Name________________________________
This assignment is worth 100 points. Each problem/part is
worth 5 points each.
Due Date: ThursdayMay 21, 2020 by 11:59p.m. EST.
You do not have to type your responses. If you wish to
provide hand-written work and scan your document, that is fine. Upload your
final document with complete responses to the ‘Test of Association Assignment’
in Canvas.
1. Some students in the masters of analytics
program at Harrisburg University claim they are really good at soccer. To see
whether there is an association among students and faculty in terms of the
goals they can score in a soccer game, the analytics faculty invited students and
teaching assistants (Ph.D. students) to play in soccer matches. Every player was allowed to play in only one match.
Over many matches, we counted the number of players who scored goals.
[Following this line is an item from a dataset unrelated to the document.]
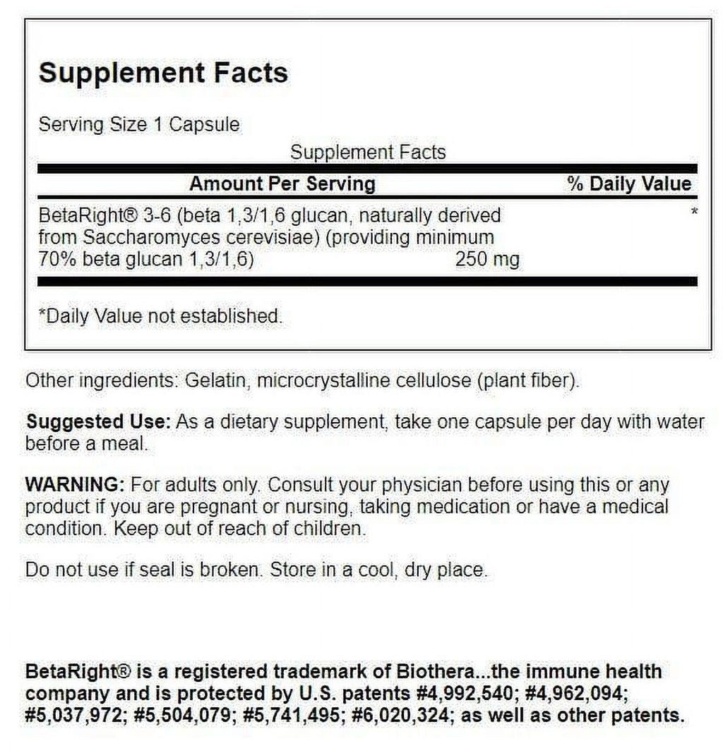 BetaRight 3-6 250 mg *,Other ingredients: Gelatin, microcrystalline cellulose (plant fiber), magnesium stearate, silica.,As a dietary supplement, take one capsule per day with water before a meal./div>

a. The soccer.txt file is attached to the
‘Test of Association Assignment’ in Canvas. Import this file into R. Copy and
paste your code below that shows where you imported the data. Name the data
frame that you create ‘soccer.’
library(readr)
b. When you examine the data frame you
imported into R, you will notice that it is not in the appropriate format for
performing a chi-square test. Using some of the R categorical functions that
you have learned in the course, convert the soccer data frame that you imported
in part a in to a table such that the Job
variable is on the rows and the Score variable
is on the columns. Name the table you create ‘soccer_t’. Copy and paste your code below that created the
table.
soccer_t <- read.delim("soccer.txt")
Table create
below
c. Develop the appropriate null and
alternative hypothesis for testing an association among these variables. State
the null and alternative hypothesis in the context of this problem.
H0: There is no
relationship between occupation with the frequency of scoring in a soccer
match.
H1:
There is a relationship between occupation with the frequency of scoring in a
soccer match.
d. Run the chi-square test in R using the
assocstats() function. Copy and paste your code and the output below. What is
the value of the chi-square test statistic? What is the p-value related to the
chi-square test statistic?
tab<- table(job,freq)
summary(assocstats(tab))
Chi-square test
statistic is 12
The p-value is
0.2851
e. Compute the χ2
test statistic that you obtained from the R output in part d. You should show your computations. Show the
computations of the expected counts. Provide a final table that includes the
observed counts with the expected counts in parenthesis for each cell. The
final table should have row and column margin totals and a grand total.
summary(chisq.test(tab))
f.
Does
the test statistic you found by hand in part e match the χ2 test statistic from the
assocstats() output in part d? State Yes or No.
No
g. Use the pchisq() function in R to find the
p-value associated with the χ2
test statistic. Copy and paste your code below.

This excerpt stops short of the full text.